The reason for this discrepancy is the assumption that all memory accesses are equal. This is invalidated by the existence of processor (and other) caching, where cache hits are significantly faster than cache misses, as well as Non-Uniform Memory Architectures, where different memory banks have different access times for different processors. The 1 KB array can easily be held entirely in the processor's L1 cache, and in theory all accesses will be cache hits. The 64 MB array, on the other hand, can't even be held in L2 or L3 cache, so most memory accesses will be cache misses, and must go all the way to main memory.

Of course, main memory isn't that extreme of an example, as it isn't too much slower than processor cache. The real killer is when you have something (e.g. a database) that can't be held entirely in memory, and must be read from disk as needed (or worse, accessed over the internet at a speed that makes hard disks look fast). Hard drives are about a million times slower than RAM, meaning that each and every disk access is an excruciating performance hit, and the internet can be an order of magnitude worse.

Unsurprisingly, a massive amount of research effort over the last half a century has been in minimizing that amount that must be read from disk, especially in the class of cache-aware algorithms. Cache-aware algorithms are algorithms that are tuned (typically parametrized) for a specific system configuration (e.g. cache size) to achieve performance superior to algorithms that don't take such configuration into consideration.

One of the most common cache-aware algorithms, used in most file systems and database structures, is the B-tree (and family members), an upside-down (non-binary) search tree designed to minimize the number of disk accesses in searching data sets too large to fit entirely into memory. The B-tree is cache-aware because the block size can be adjusted to perform optimally on a given system configuration through either abstract math or actual benchmarks, and the optimal size for one configuration may perform poorly on another configuration.

Surprisingly, only in the last decade have people seriously investigated whether it is possible to create algorithms that make optimal use of a system configuration regardless of what exactly that configuration is, with no parametrization. This type of algorithm is called cache-oblivious algorithms.

Sometimes this is easy. A sequential scan of an array that does something on every element in order is cache-oblivious because it produces the provably minimum number of cache misses regardless of how the cache works. Divide and conquer algorithms that access each item in an array are also generally cache-oblivious and provably optimal because they ultimately divide enough to operate only on what's in a single cache line, regardless of what size the cache line is, before moving on to the next cache line (assuming, of course, that the size of each element is small in relation to the size of a cache line); in other words, they have a more or less linear scanning memory access pattern.

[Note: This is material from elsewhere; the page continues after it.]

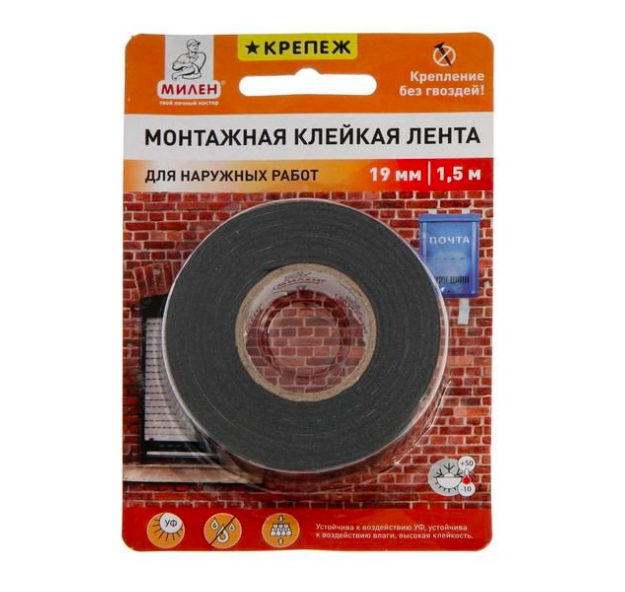 Монтаж. лента д/внутр. работ 19мм*1,5м "Милен"

Binary search, however, is not cache-oblivious, as it's not a true divide and conquer algorithm in the sense that matters to us; specifically, it does not access all elements, and therefore does not get to take advantage of the predominant locality in the array. However, we can make a cache-oblivious implicit binary search tree by changing the ordering of items. To maximize performance, we want to lay out the nodes of the binary tree such that child nodes are as close as possible to their parents as often as possible, resulting in a minimal number of cache misses.

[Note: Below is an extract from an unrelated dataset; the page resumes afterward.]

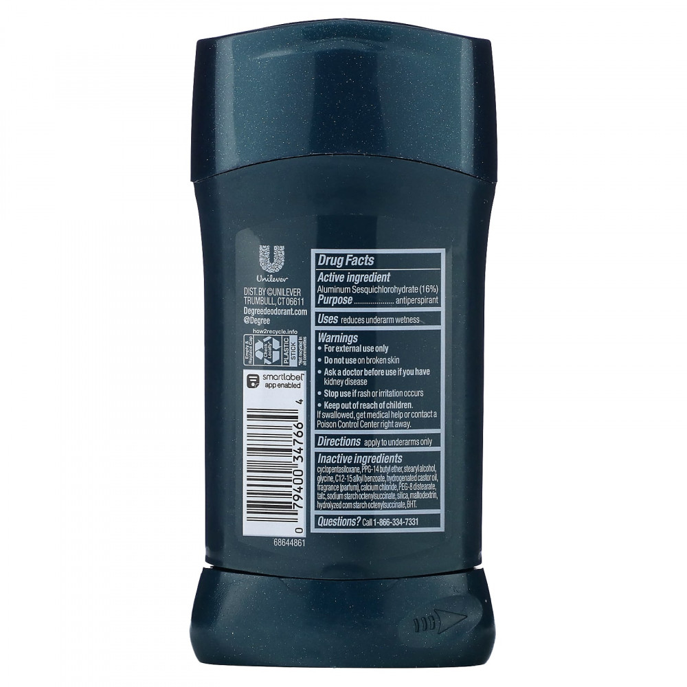 Дезодорант-антиперспирант Degree Men Cool Rush обеспечивает постоянную защиту, чтобы вас не остановить. Этот дезодорант-антиперспирант обеспечивает защиту в течение 72 часов, поэтому вы можете продолжать движение. Наш дезодорант-антиперспирант Cool Rush изготовлен на основе революционной технологии MotionSense®, которая работает независимо от того, как часто вы двигаетесь. Он работает с помощью уникальных микрокапсул, которые оседают на поверхности вашей кожи. Этот эффективный дезодорант-антиперспирант срабатывает, когда вы в нем больше всего нуждаетесь, так что вы можете быть уверены в своем выборе, не беспокоясь о том, что он может замедлить действие. Независимо от того, проводите ли вы долгий день на работе, занимаетесь спортом, тренируетесь в тренажерном зале или выполняете какие-либо другие функции, этот дезодорант-антиперспирант для мужчин защитит вас от пота и неприятного запаха. Этот дезодорант-антиперспирант работает так же, как и вы, защищая вас, чтобы вы могли оставаться активными и двигаться. Просто скользите и двигайтесь. Свежий арктический аромат заряжает энергией на весь день, чтобы вы могли с уверенностью достичь своих целей. Сохраняйте сухость, свежесть и уверенность в себе благодаря этому дезодоранту-антиперспиранту Degree Men. Этот продукт протестирован дерматологами и не содержит спирта.

The key here is what's called the van Emde Boas layout (VEB) (you can tell I use HTTPS Everywhere because my Wikipedia links are all HTTPS). The basic idea is that the (triangular when drawn on paper) tree is divided recursively into (triangular) subtrees, with all nodes in each subtree being clustered together. This gives it a fractal structure with child and parent nodes being as close as possible to each other, maximizing cache locality during searches without needing to know the details of the cache system. A short tree in this form is shown below; below that is a comparison with trees in in-order, breadth-first (BFS), and depth-first search (DFS):

It's worth noting that cache-oblivious structures may or may not be as fast/faster than the simpler forms when the entire data set is in the same level of cache (whether you're talking about L1, RAM, etc.). One of the papers (the same one the images are from) examined the performance of static (non-changing) binary trees stored in in-order, BFS (an order that gives some cache locality while still being trivial to calculate child positions for), DFS, and VEB order, as well as two cache-aware search tree formats. In this experiment, the tree was stored in memory and cached in the processor cache - cache hits stay in the processor, cache misses go to main memory.

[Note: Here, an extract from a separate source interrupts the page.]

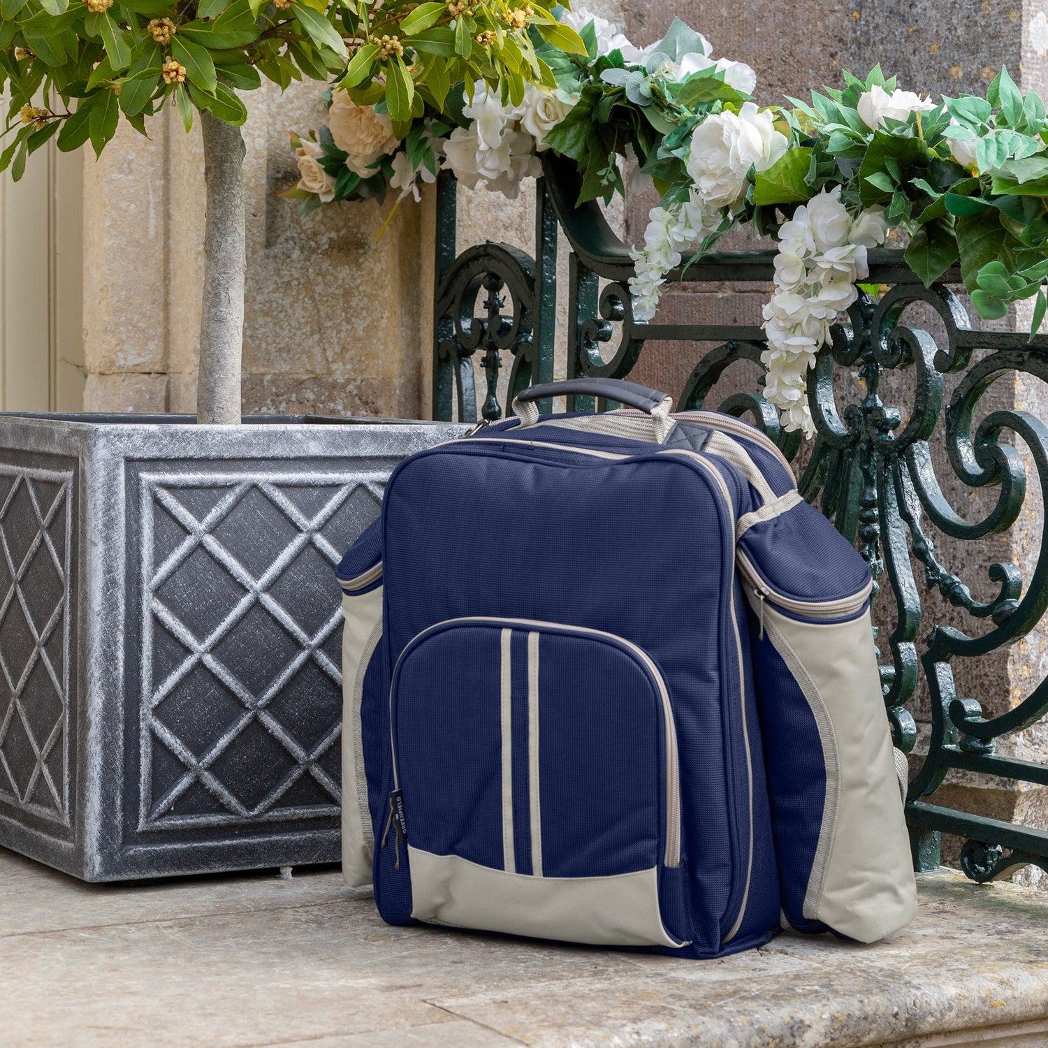 The practical design includes a pocket on the front of the backpack which is ideal for holding smaller items such as keys and a mobile phone. Concealed within this pocket are two integrated webbing straps for attaching one of our picnic blankets.

In the case of VEB, the complex fractal structure makes it nontrivial to calculate the position of a node's children in the array. As a result, when the entire data structure is in cache, calculation of child position takes longer than memory accesses, and VEB is about 40% slower than the standard in-order ordering. VEB begins to outperform in-order ordering once about half of the tree does not fit into cache; this calculation complexity problem can be overcome by storing child pointers with each node, but this is rather self-defeating, as this only multiplies the amount of data that has to be fit into the limited cache. In almost all cases, the cache-aware algorithms were superior to the others, but obviously require tuning to the particular cache, which is exactly what we're trying to avoid. BFS also performed admirably, always at least 15% faster than in-order ordering, and superior to VEB when more than ~1.5% of the data was able to fit into cache.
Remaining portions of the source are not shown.